Ms. Ferri has enjoyed the protection of the automatic stay for some nineteen months while her creditors were held at bay, yet she failed to appropriately discharge her duties as a debtor in possession. She filed operating reports for the first six months of her chapter 11 case all at once, instead of monthly, and the operating reports she filed contain unaccounted for cash withdrawals, evidence of payments to professionals not approved by the Court, and other deficiencies. Further, no operating reports were filed for an extended period; therefore, no accounting of estate income and expenses has been made for that period. It is in the best interest of creditors and the estate for an independent chapter 7 trustee to determine whether to seek to recover unauthorized funds expended in furtherance of post-petition transactions.
Debtor argues, inter alia, that the Court should dismiss rather than convert Debtor's case because dismissal will simply return creditors to their former positions, that there are no viable, non-exempt assets to be administered in a Chapter 7 case, and that any remaining collection efforts are best pursued through garnishment under state law.

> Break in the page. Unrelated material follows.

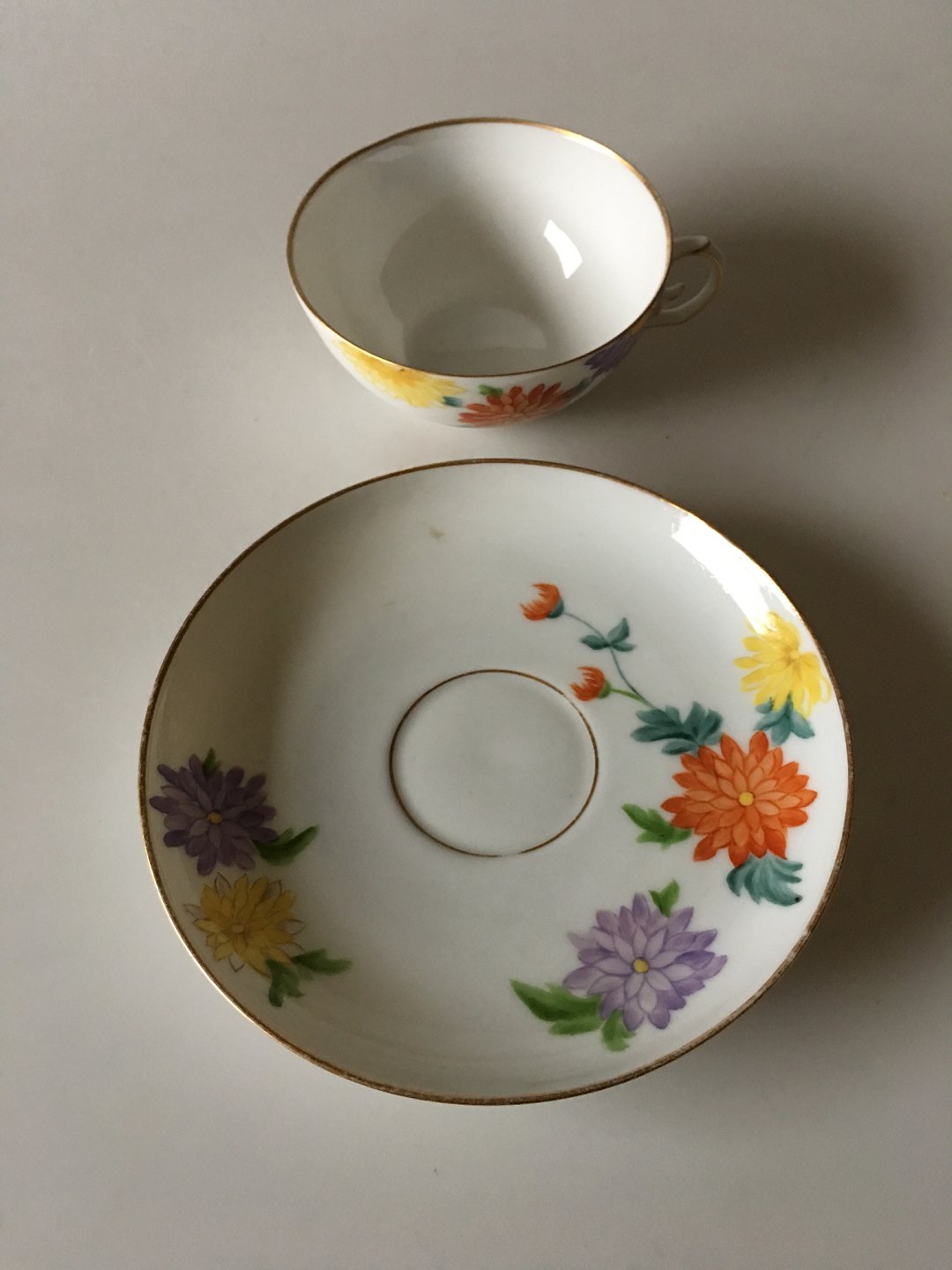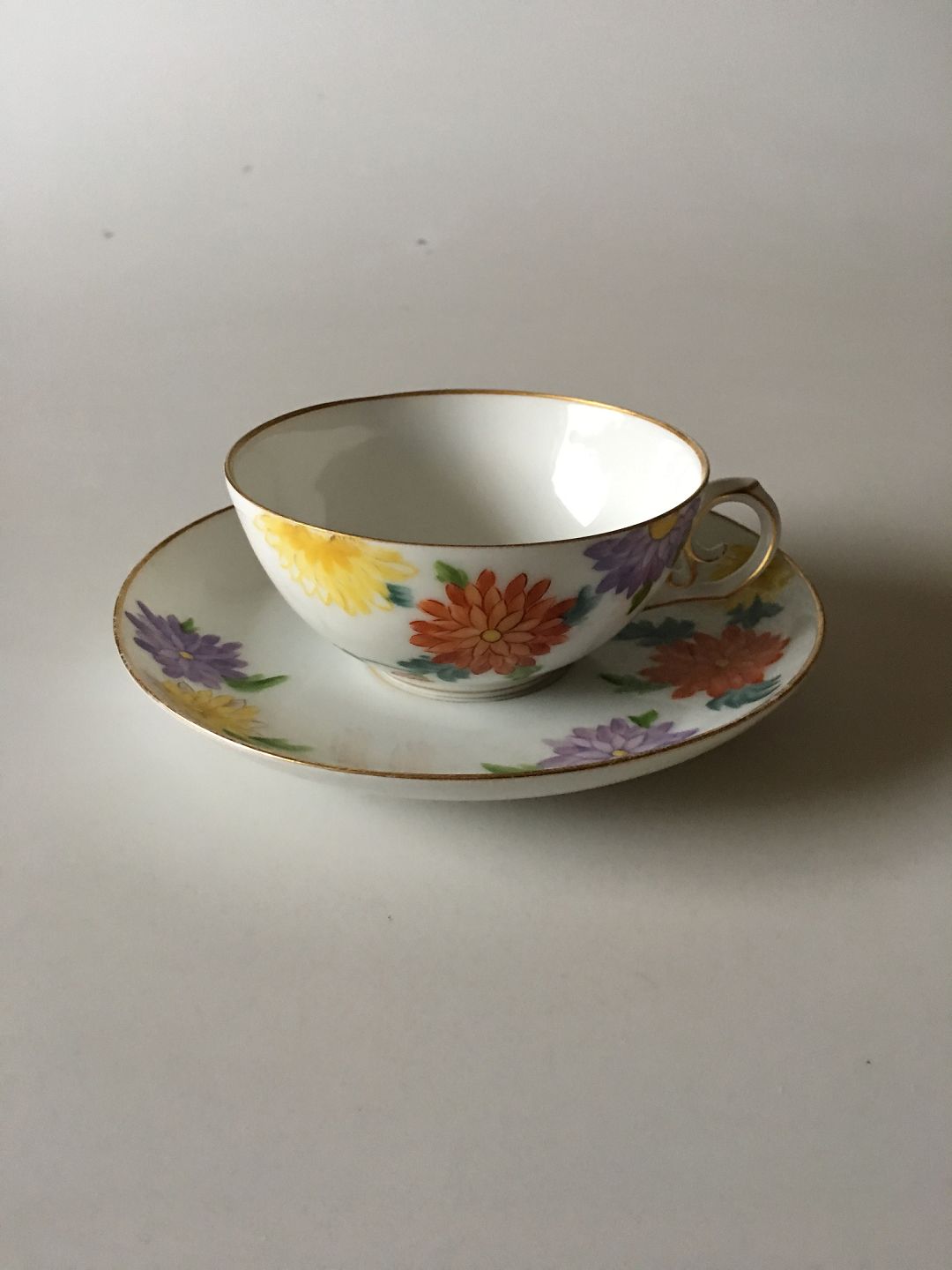 Royal Copenhagen No 93 Teacup and Saucer with Flowers and Gold (Not half laced). In good whole condition. Teacup measures 10 cm dia (3 15/16"). Rare dinner service from 1894-1898. Handpainted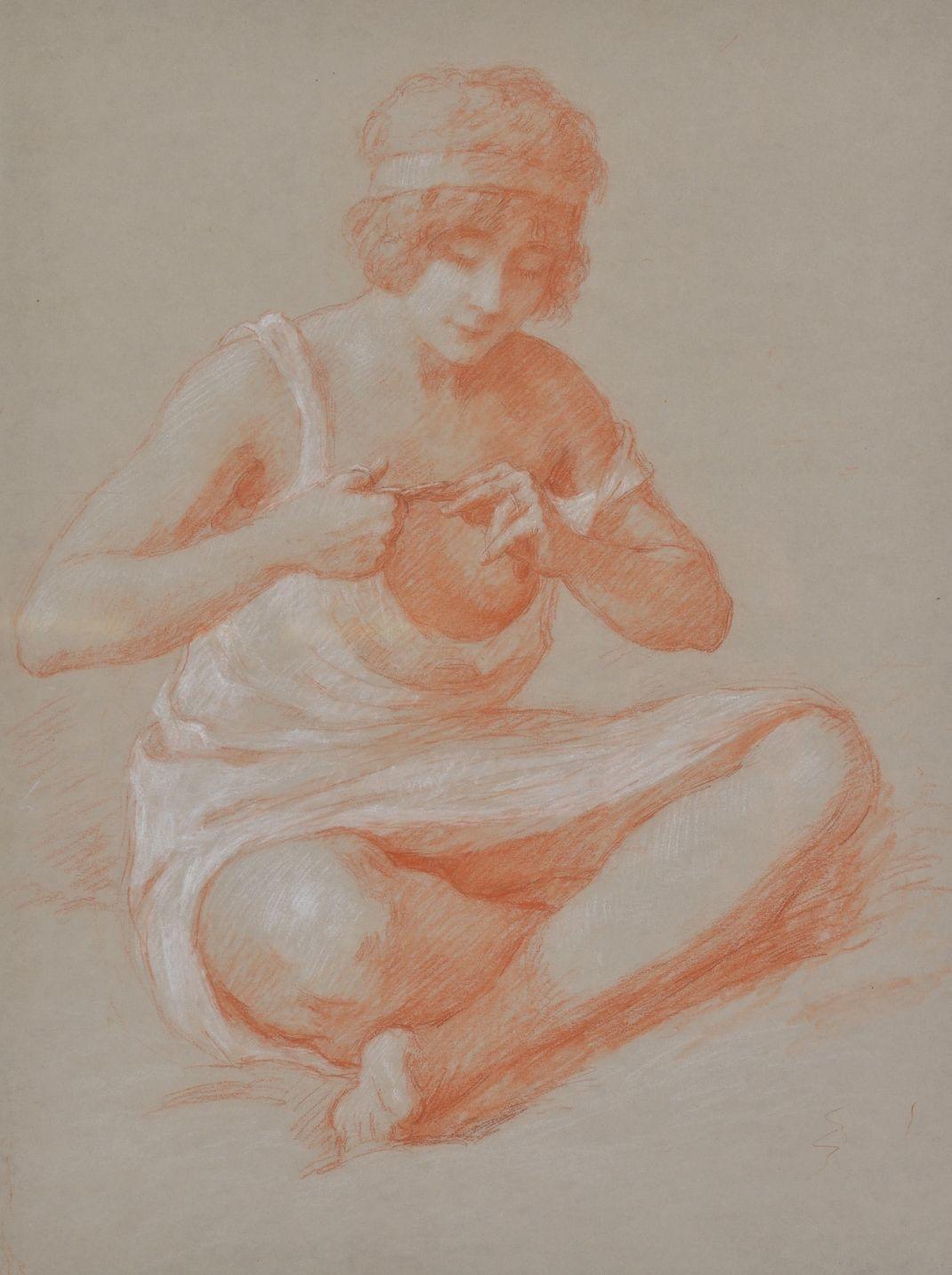 Nu accroupi, sanguine sur papier, 57x42 cm

Counsel for the Debtor further represented that he would not file another bankruptcy case on behalf of the Debtor if this case were dismissed. The Court is not persuaded that these factors are sufficient grounds to dismiss rather than convert the Debtor's case. The operating reports, together with the Debtor's own testimony, demonstrate that the Debtor has failed to provide a sufficient accounting of her business affairs during the pendency of this case for the Court to make any of those determinations regarding assets of the estate and how creditors may best collect their claims. Based on the foregoing, the Court concludes that conversion, rather than dismissal, is in the best interest of creditors and the estate.
This Memorandum Opinion shall constitute the Court's findings of fact and conclusions of law under Rule 7052, Fed.R.Bankr.P. An appropriate order will be entered.